George pensó que nunca había sido así en el hogar de su suegra, porque ella siempre había llevado las riendas, sin prestar mucha atención a Jonathan. De todos modos, en Trenwith veía claramente la importancia de su yerno para ella misma. Si no hubiesen contado con los recursos que George aportaba, los esposos Chynoweth hubieran tenido que soportar estrecheces y privaciones en su viejo hogar de Cusgarne. Aquí, vivían cómodos y ociosos, alimentados y bien atendidos, y así continuarían hasta que les llegase su hora. La señora Chynoweth nunca había sido una mujer que cerrase los ojos a las realidades prácticas de una situación.

Aun así, George sabía bien que la señora Chynoweth antaño se hubiera horrorizado ante la idea de que su bella y joven hija de porcelana descendería hasta aceptar una unión tan degradante con el vulgar hijo de los Warleggan.
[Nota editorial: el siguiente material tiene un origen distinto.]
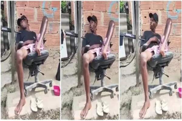 O homem, identificado como Lucas da Silva Pequeno, 30 anos, descansava em uma cadeira, encostando a cabeça na parede de uma casa, na Rua Tocantins, sem perceber a aproximação da equipe.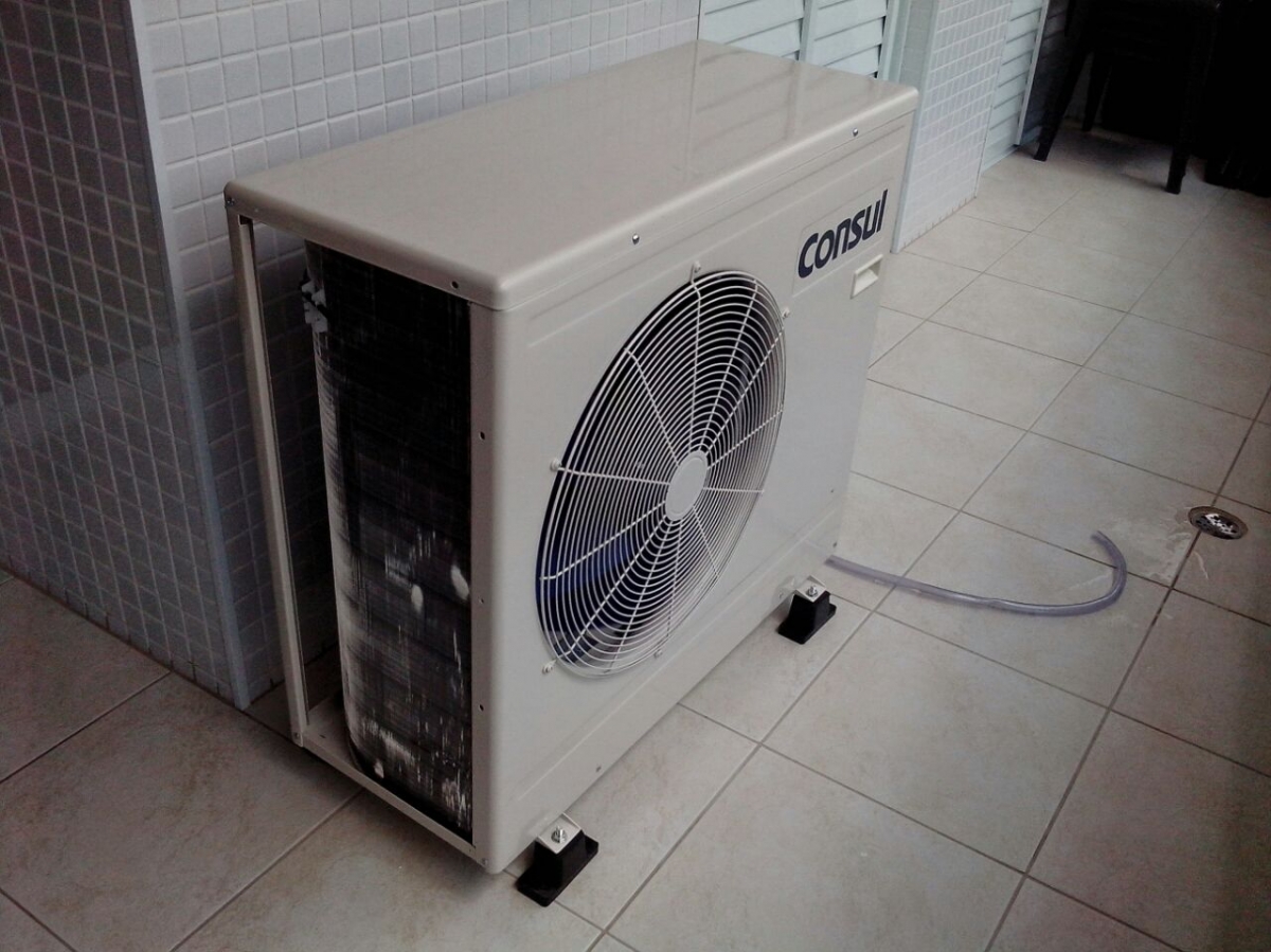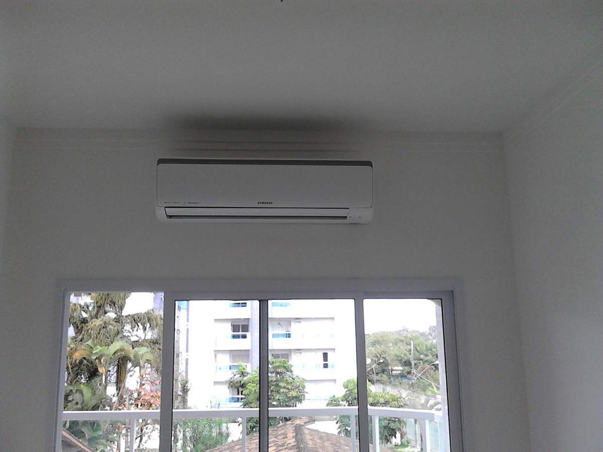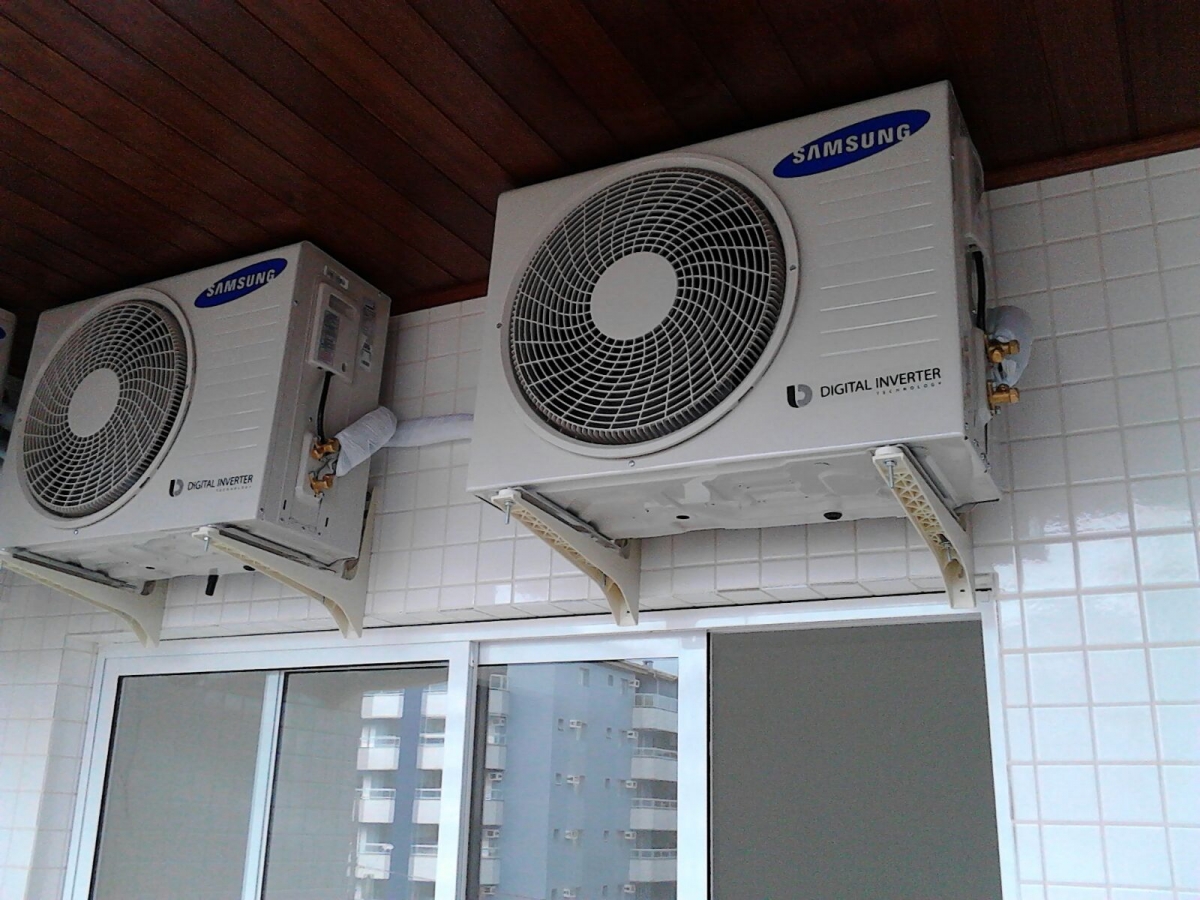 Instalação com as unidades condensadoras na sacada do apartamento logo acima da porta balcão que dá acesso à sacada. Instalação de drenagem externa pela sacada até um ralo para escoamento da mesma.

En fin, los tiempos habían cambiado, y ahora los valores aceptados eran diferentes.

Elizabeth durmió sin interrupción hasta después de la cena, y cuando despertó se sentía mucho mejor, y entonces todas las personas que estaban esperando para verla pudieron subir a su dormitorio. También Úrsula fue inspeccionada y admirada. El doctor Behenna limitó su examen a lo más esencial, y se declaró satisfecho. A medianoche, todos se retiraron a descansar. A las tres de la madrugada Ellen Prowse despertó al doctor Behenna, y le informó que el ama sentía intensos dolores en los brazos y las piernas.